KOMA: I moved to Tokyo in 1966 and majored in political science there. I became heavily involved in the student movement and New Left politics, but I found that even those areas were run according to old fashioned hierarchies. The academic world and even the avant-garde art movement had their masters and servants as well. These are not unrelated to the Japanese emperor system. The center of Tokyo is occupied by the emperor’s palace and it is surrounded by the parliament, prestigious universities, the National Theater, elite shopping districts, embassies and investment centers. I thought people’s faces lit up when they got closer to the palace. When I dropped out of college in 1971, I was also dropping out of that society. I was looking for something “real” to hang on to. It was out of pure luck that one day I met the dancer Kazuo Ohno—back when he was known only among artists, not at the national or international level.
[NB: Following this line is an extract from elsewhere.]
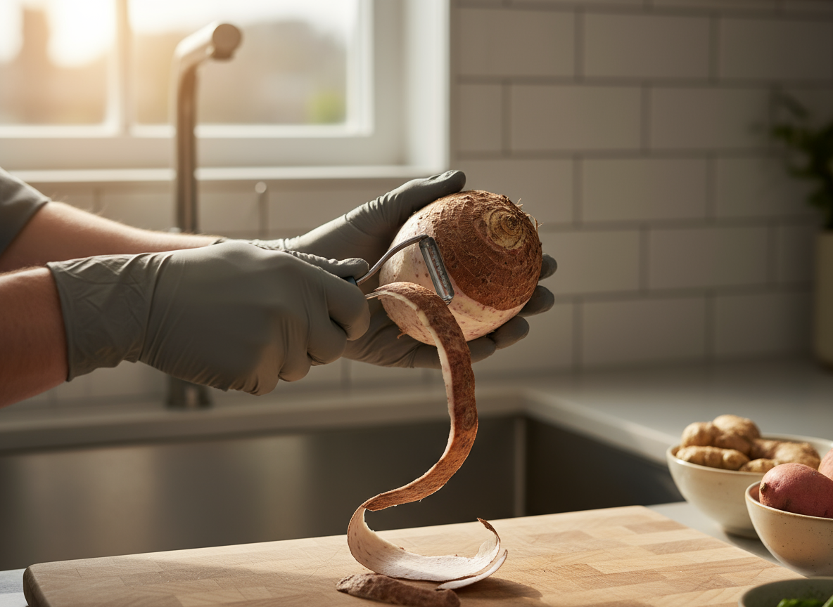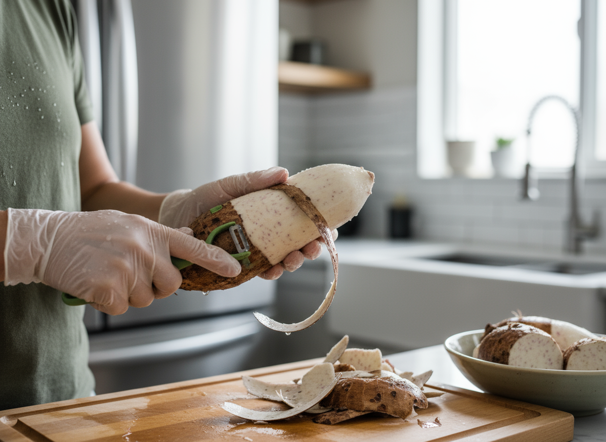 맨손으로 토란을 만지면 손이 가려워서 고생할 수 있어요. 껍질을 벗기기 전부터 꼭 고무장갑이나 비닐장갑을 착용하세요.

If I hadn’t met him and studied under him, I can’t imagine what path I might have taken.
What influence did Kazuo Ohno and Tatsumi Hijikata have on you at this time?
EIKO: I studied at Hijikata’s studio from 1970 to 1971 after I saw his company’s work. Koma had already been there for three months. When I saw his company perform, I was not so moved as I was shocked. I wanted find out how and why these dancers looked so out of this world. We took his dance classes at night, and all students ate and slept in his studio. They all seemed to follow his orders with utter devotion and together we performed in cabarets to make money for the studio or sometimes in a small, arty theater in the downtown Shinjuku area of Tokyo.
After only three months Koma and I decided to leave and work on our own. Neither of us had gone to Hijikata’s studio to become long-term disciples of his. His studio was a 24-hour engagement and we wanted to work on our own ideas and explore other worlds. We started to stage events and shows by ourselves. At the same time we went to study with Ohno, whose classes were all about improvisation. He would show us books of paintings by Japanese avant-gardists and give us his thoughts on their work. That was another way in which we absorbed the work of artists who came before us. In speaking to us, Ohno was also able to construct and develop his own ideas.
Around then, however, Koma and I learned that generations of amazing talents including Kudo had left Japan at a young age to develop their artistic voices. That certainly influenced our decision to leave in 1972, to leave Ohno, political activities and art publications behind. I didn’t want to be a good student or an intellectual, but rather an independent and a rebel. Kudo was our model. That said, although we might have learned from the vigor of Kudo and other artists of his generation, we also wanted to live differently from them. Kudo was in the visual art world, leaving behind art objects and archives of his own writings as well as a wide range of literature on his activities. As performing artists we leave fewer traces—except perhaps in people’s memory.